Part 2: Create a Graphical Editor
- Now, using those 4 kinds of widgets and the rest of your toolkit, recreate the graphical editor of homework 1. Please keep track of how much time and effort goes into creating this editor (note, do not include the time for Part 1 of this assignment). Note that you should only do the part of assignment 1 in section 2 (requirements 2.1 to 2.9). You should not try to do selection handles or growing objects, even if you did provide these for your assignment 1 implementation. Compare the time and lines of code for this part to your answer in homework 1.
- That is, repeat requirements 4-3 and 4-5 for homework 1 for the time and lines of code you take here.
- The editor must use your graphical objects, constraints and interactors. For example, the name should be centered in the node using constraints, and objects should be created with a New behavior, moved with a Move behavior, and selected with a Choice behavior.
- You should also use constraints (if possible with your design) to connect the line style with the style of the selected object (requirement 2-7.2 in homework 1).
- There is no need to match the set of optional features that you did for homework 1, and there is no need to match the user interface of the features with the UI in homework 1. For example, you are not allowed to use an html or Swing button for the "delete" button (requirement 2-9) - you have to use a button from your toolkit.

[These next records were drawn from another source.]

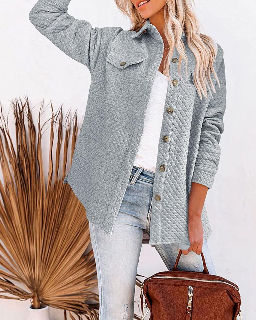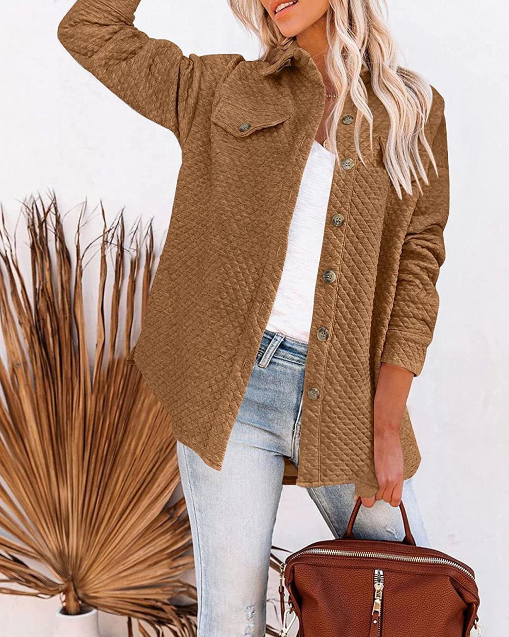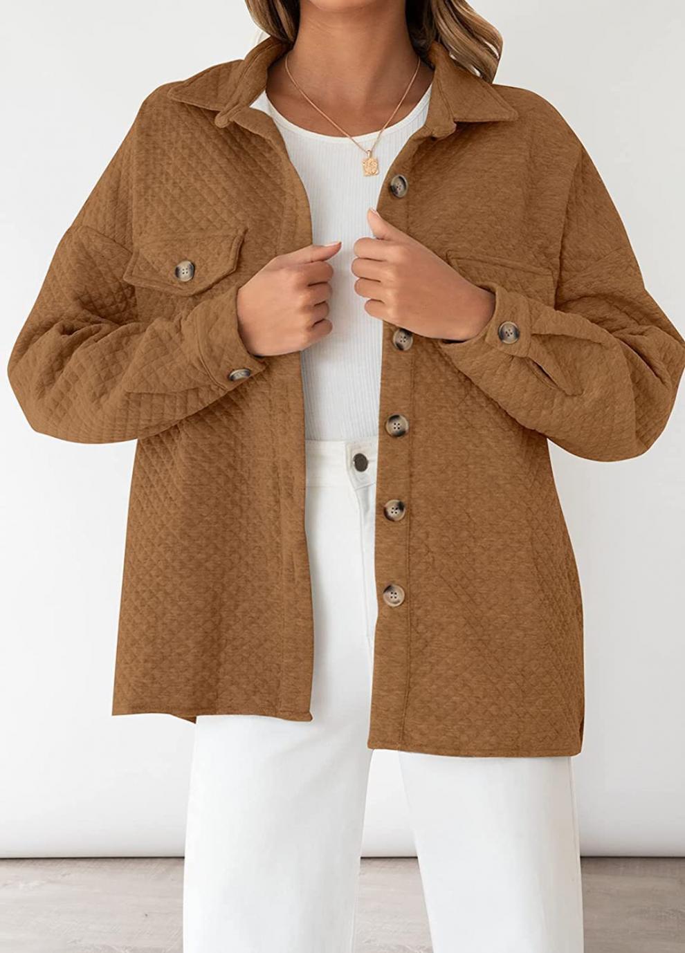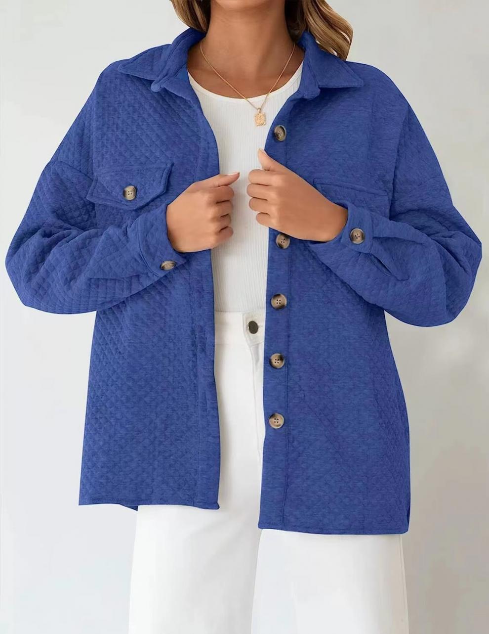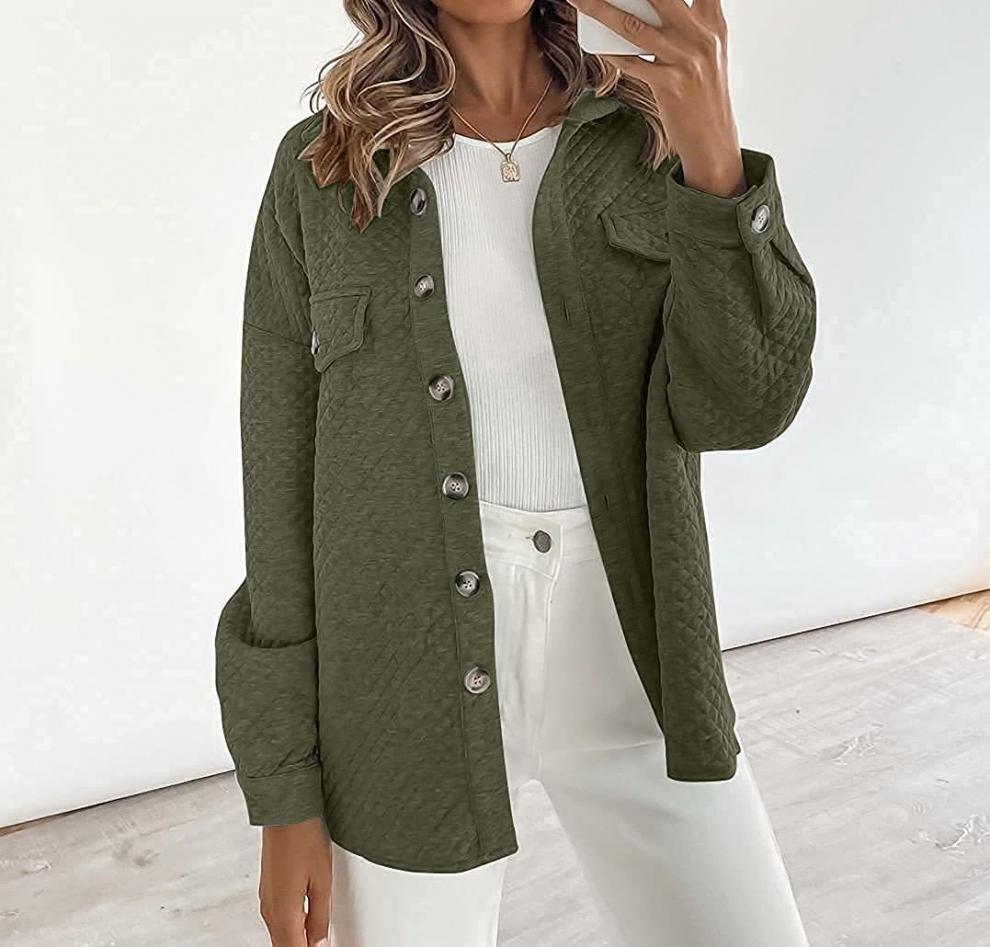 Otoño/Invierno 2025 Nuevo Estilo Europeo y Americano Estación Independiente de Amazon Chaqueta Casual Ligera con Bolsillo de Diamante de Color Sólido para Mujer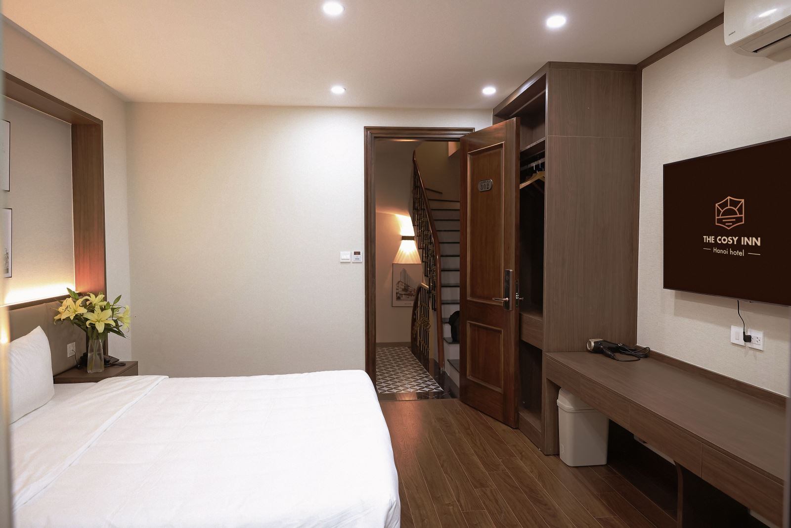 - Tủ đựng quần áo với các vật dụng cần thiết như: áo choàng tắm, đèn pin, bàn ủi,...
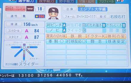 猪狩守 149キロ コンaスタb 変化球3種 ス4フ4カ4 普通にエースやな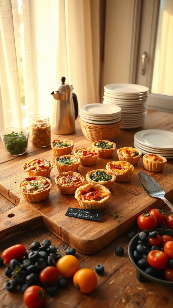 - Bake for 20-25 minutes, or until the mini quiches are puffed up and golden brown. Allow them to cool for a few minutes before removing from the tin.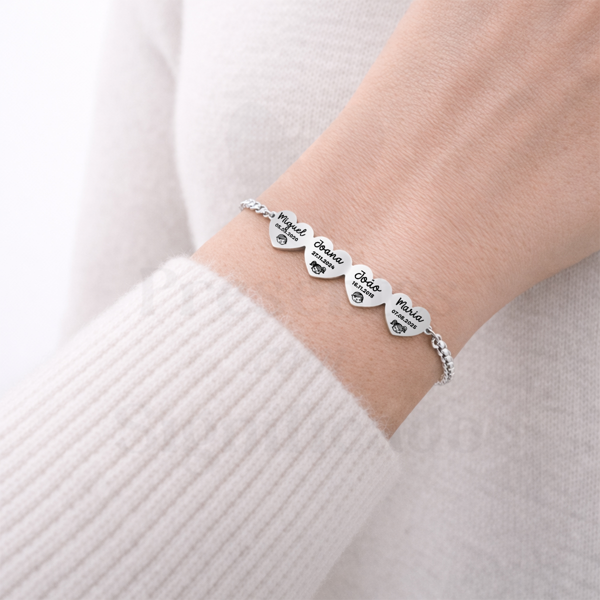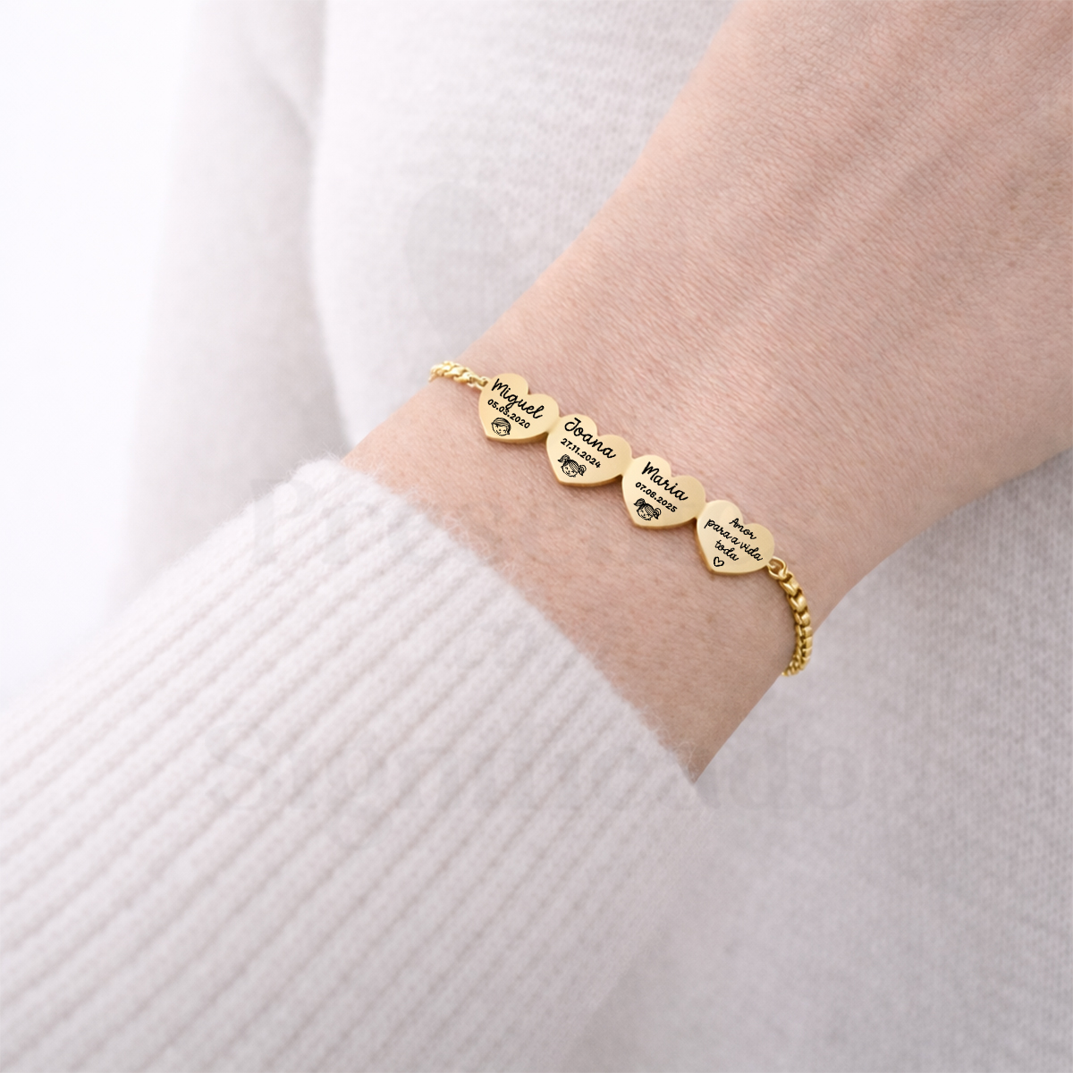Pulseira c/ corrente grossa totalmente em aço inoxidável e ajustável. Conector formato quatro corações pequeninos (10mm) gravados com nomes ou texto (máximo 5 palavras). Disponível em dourado ou prateado
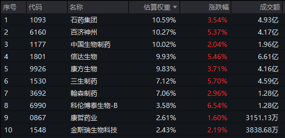 港股通创新药ETF(159570)标的指数权重股多数飘红:科伦博泰生物-B涨超6%,百济神州、信达生物、三生制药涨超5%,石药集团、康方生物涨超3%。

- Add to your implementation usage of the other widgets. Make sure to use all 4 kinds. For example, you might use buttons for the line style, check boxes for filled or outlined (or both or neither), a slider for the outline width, radio buttons for the color, etc. This requirement (#2) is separate from #1 so you can have a valid comparison for the time and number of lines of code with the required parts of homework 1.
Write a Readme file
Please include a readme file in .doc, .txt or .pdf format (note: not .md format) that discusses the following:
- Describe any extra credit items you did.
- Provide a detailed explanation of how users would use the widgets in your toolkit. For example, if the user wanted to implement their own UI, how do they use buttons, radio buttons, check boxes, a slider, etc.?
- Provide a discussion of the times and lines of code for your editor here vs. the editor from homework 1. In addition to just listing the times, discuss why they are bigger or smaller here compared with homework 1.
- Provide a more general discussion of how easy or hard it was to implement your editor. What design decisions in your toolkit made it difficult or easy to build the editor? How does the difficulty compare to the difficulty of using whatever tool you used in homework 1? How should your toolkit be improved to be easier to use?